:: Provided data
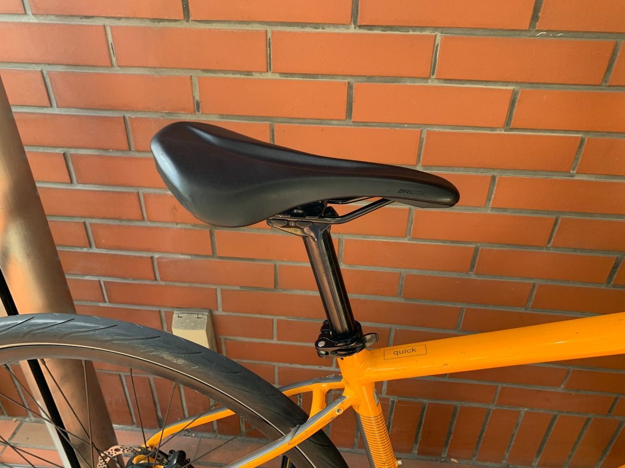 アルミフレームとカーボンフォークを採用し、快適な乗り心地と軽量性を実現。通勤・通学から週末のサイクリングまで対応。ディスクブレーキを装備しており、街中でも安心してスムーズな走行が可能。スタイリッシュなデザインも魅力の一つ。
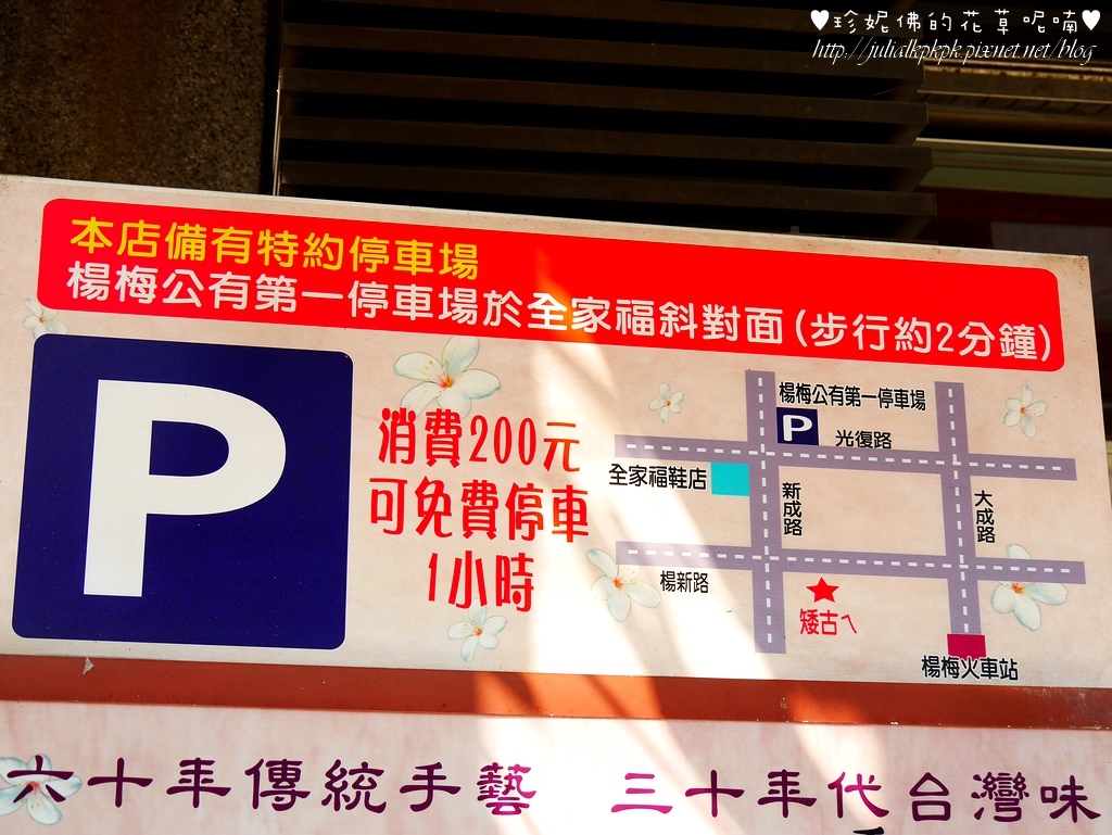 點完餐才知道原來店家有停車場,消費滿200元可免費停車一小時,但我們的車已停在新成路上的路邊停車格了(囧)
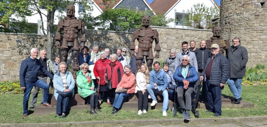 Ein besonderer Blickfang sind auch die „Menschen aus Eisen“ des polnischen Bildhauers Zbignjew Fraczkiewicz. Seit 1996, als sie zum 600-jährigen Stadtjubiläum aufgestellt wurden, sind die 2,40 Meter großen Eisenmänner bei Bürgern und Besuchern durchaus umstritten. Die Reeser Gäste gingen jedoch auf Tuchfühlung und nutzten die Skulpturen für ein Gruppenbild.
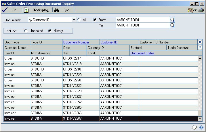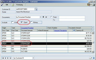 Verify the transaction under the Receivables Transaction Inquiry window (Inquiry -> Sales -> Transactions by Customer)
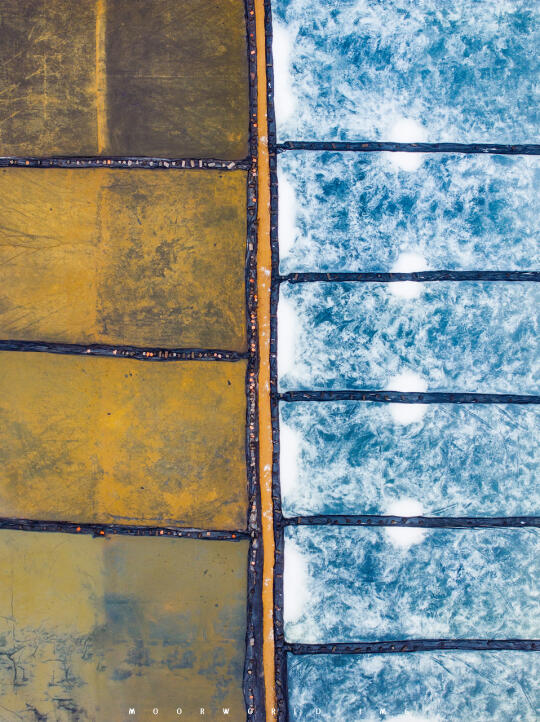 2、从空中俯瞰,徐闻的盐田色彩斑斓,如同大自然打翻的调色盘。由于盐田中卤水的浓度不同,在阳光的折射下呈现出不同的色彩;
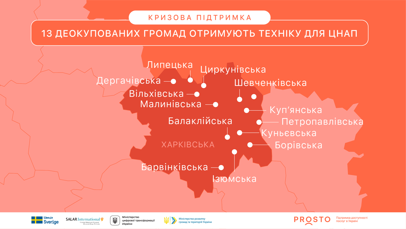 Перелік громад для отримання кризової допомоги визначений за результатами моніторингу і комунікації з громадами та зкоординовано з Міністерством цифрової трансформації під час спільної зустрічі представників Харківської війської обласної адміністрації, органів місцевого самоврядування Харківської області, експертів Проєкту та Мінцифри.
::::
In the copy, no pictures are to appear; write out exactly the lines from the one containing "點完餐才知道原來店家有停車場" through the end of the listing above and no further lines.

** Result below **
 點完餐才知道原來店家有停車場,消費滿200元可免費停車一小時,但我們的車已停在新成路上的路邊停車格了(囧)
 Ein besonderer Blickfang sind auch die „Menschen aus Eisen“ des polnischen Bildhauers Zbignjew Fraczkiewicz. Seit 1996, als sie zum 600-jährigen Stadtjubiläum aufgestellt wurden, sind die 2,40 Meter großen Eisenmänner bei Bürgern und Besuchern durchaus umstritten. Die Reeser Gäste gingen jedoch auf Tuchfühlung und nutzten die Skulpturen für ein Gruppenbild.
 Verify the transaction under the Receivables Transaction Inquiry window (Inquiry -> Sales -> Transactions by Customer)
 2、从空中俯瞰,徐闻的盐田色彩斑斓,如同大自然打翻的调色盘。由于盐田中卤水的浓度不同,在阳光的折射下呈现出不同的色彩;
 Перелік громад для отримання кризової допомоги визначений за результатами моніторингу і комунікації з громадами та зкоординовано з Міністерством цифрової трансформації під час спільної зустрічі представників Харківської війської обласної адміністрації, органів місцевого самоврядування Харківської області, експертів Проєкту та Мінцифри.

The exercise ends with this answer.